The raw codec dict at `manifest.digital` is unchanged from M5 and
remains the right tool for whole-block equality comparisons (the
common dedup case). The typed view is for programmatic field
access where the schema-driven validation pays off.

**Performance note:** `digital_typed()` round-trips through XML
serialization (codec dict → XML bytes → pydantic via
`xsdata-pydantic`), which adds ~5-15 ms per call depending on
manifestation size. For high-frequency Manifestation processing
(e.g., walking thousands of records to extract track-level
fields), prefer the codec-dict accessors (`record.data`,
`manifest.digital`) which are pure dict access and ~100× faster.
The typed view is a correctness-first ergonomic; the codec-dict
is the performance-first interface.

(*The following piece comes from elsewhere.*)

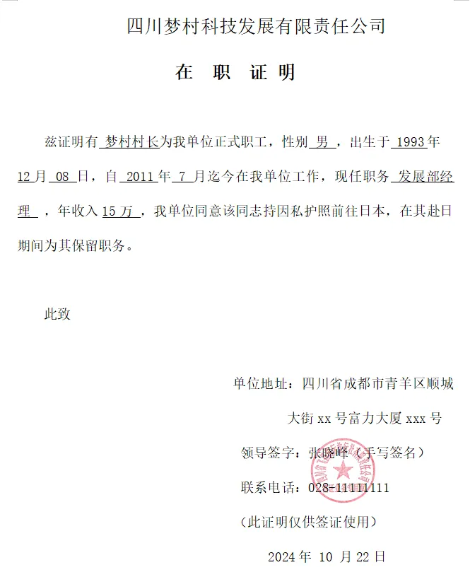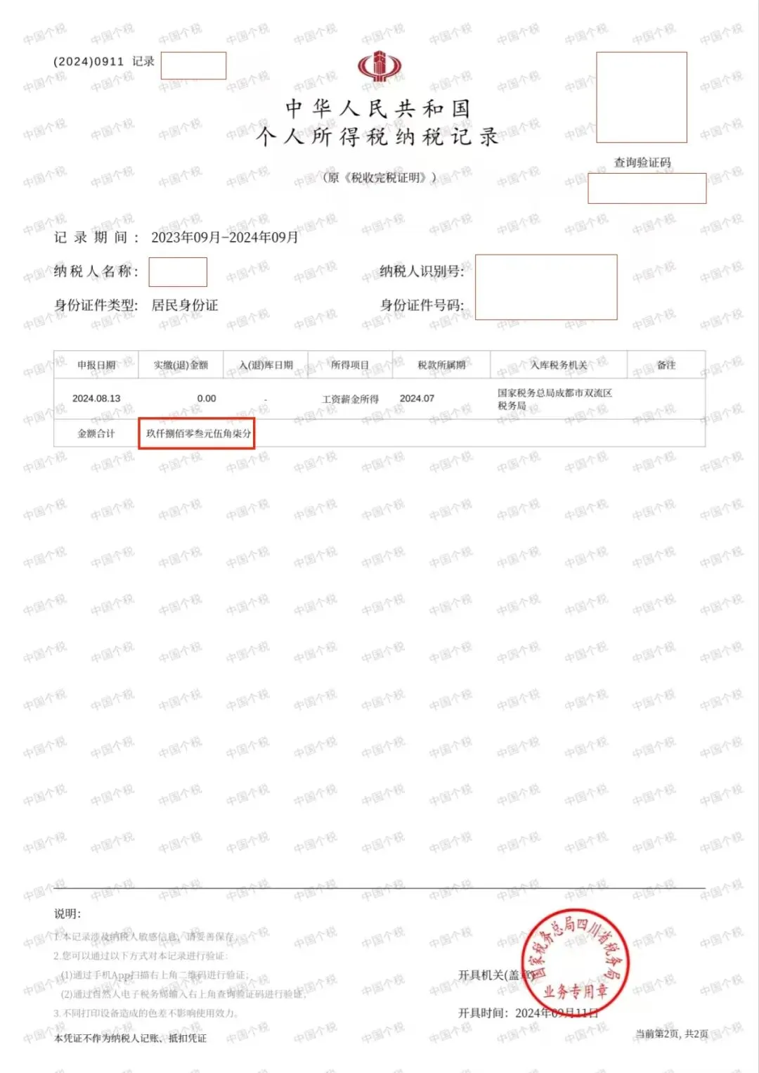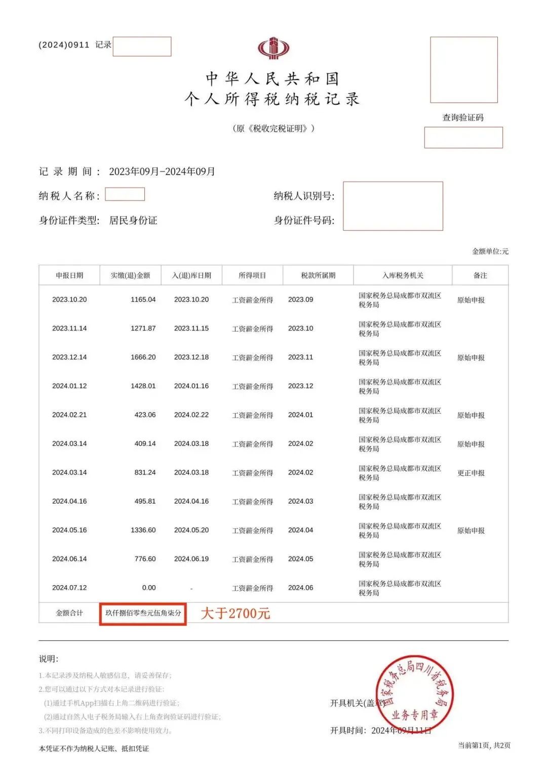 【日本旅游签证】在职工资年纳税2700简化资料:

This characteristic is
documented in [`STABILITY.md`](STABILITY.md) and won't change
without a major-version bump.

## Documentation

- API reference under construction; the source modules carry full
  docstrings — `pydoc eidr.client` is a useful starting point.
- The `M6_COVER_LETTER.md` in this drop documents the current
  scope, design findings, and reviewer-attention items in detail.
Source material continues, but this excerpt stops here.